A: To get away from the sound.

A BORING LIFE
Two old men were sitting on a park bench outside the local town hall where a flower show was in progress. One leaned over the other and said, "Life is so boring, we never have any fun these days. For five bucks, I'd take my clothes off and streak through the flower show!" "You're on!" said the other guy, holding up five dollars. As fast as he could, the first old man fumbled his way out of his clothes and, completely naked, streaked through the front door of the town hall. His friend heard a huge commotion inside the hall, followed by loud applause. The streaker burst out through the door surrounded by a cheering crowd. "Wow, what happened?" asked his friend. "It was great!" he said, "I won first prize for best dried arrangement!"

RETIREMENT
Did you hear about the flasher who was thinking of retiring? He decided to stick it out for one more year.

I WISH
Two intoxicated men were thrown out of a bar. While walking down the street, they came across a dog, sitting on the curb, licking its privates. The men stand there watching, and after awhile one says, "Boy, I sure wish I could do that." The other man looks at him and says, "Well, I think I'd pet him first."

EXTRA STRENGTH
A guy walks into a drugstore and says to the pharmacist, "Listen, I'm having three girls over tonight.
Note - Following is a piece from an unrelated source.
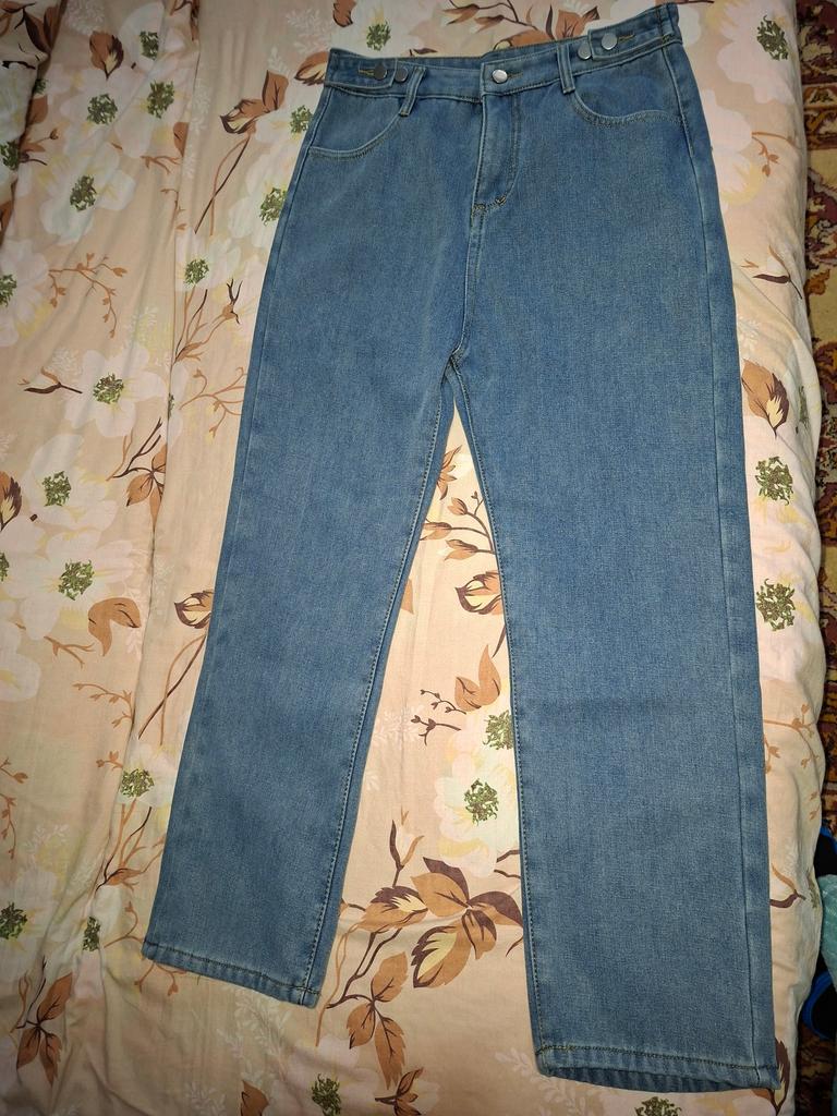 Thickened Fleece-lined Women's Jeans Winter Style Slimming Versatile Loose-fit Straight-leg Bell Bottoms
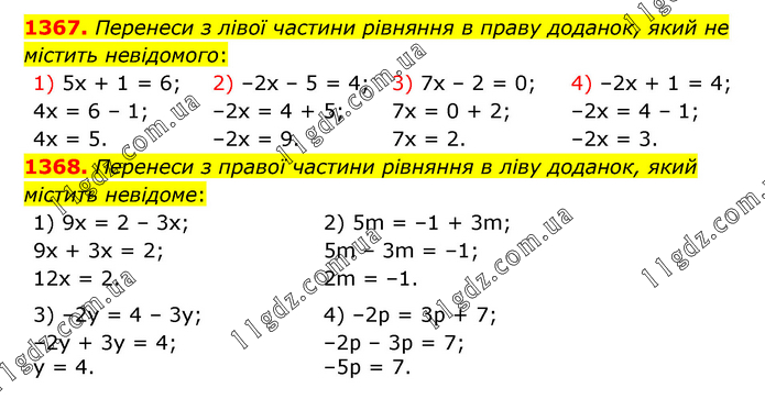 1367. Перенеси з лівої частини рівняння в праву доданок, який не містить невідомого: 1) 5х + 1 = 6; 4х = 6 – 1; 4х = 5. 2) –2х – 5 = 4; –2х = 4 + 5; –2х = 9. 3) 7х – 2 = 0; 7х = 0 + 2; 7х = 2. 4) –2х + 1 = 4; –2х = 4 – 1; –2х = 3. 1368. Перенеси з правої частини рівняння в ліву доданок, який містить невідоме: 1) 9х = 2 – 3х; 9х + 3х = 2; 12х = 2. 2) 5m = –1 + 3m; 5m – 3m = –1; 2m = –1. 3) –2y = 4 – 3y; –2y + 3y = 4; у = 4. 4) –2p = 3p + 7; –2p – 3p = 7; –5р = 7.

I need help." The pharmacist hands the guy Viagra Extra Strength and says, "Take all these and you'll go berserk for 12 hours." The next day the same guy walks into the drugstore, limps up to the pharmacist, and drops his pants. His penis is all bruised and tied in a knot, and skin is hanging off in some places. He says, "Give me a tube of Icy Hot." The pharmacist replies in horror, "You can't put Icy Hot on that!" "No, it's for my wrists," the guy moans. "The girls never showed up."

FIRMER
One day, a husband and wife were in the bathroom. The wife got out of the shower and the husband grabbed her boobs and said, "If these were firmer, you wouldn't need a bra." The wife was hurt, but ignored his comment. The next week, the two were in the bathroom again. While the wife was getting out of the shower, he grabbed her rear and said, "If your behind was firmer, you wouldn't need a girdle." The wife plotted her revenge. One day, a week later, as the husband was getting out of the shower, the wife grabbed his manhood and said, "If this was a little bit bigger, I wouldn't need your brother."

LONGER
Q: Why do women take longer than men to reach orgasm?
A: Who cares?

LOWER IT
A 90-year-old man went to see his doctor. The doctor asked him what the problem was. The man replied, "Well, doctor, it's my sex drive." The doctor looked at the man, who was in poor health, could hardly walk and was missing a few teeth, and asked, "What about your sex drive?" The man responded, "I want you to lower it." The confused doctor gave the man a quick exam. Afterward, the doctor was still puzzled about the man's problem. "I'm sorry," the doctor told him, "but I see nothing so extraordinary about your sex drive. It's all in your head." "I know," the man responded. "That's why I want you to lower it!"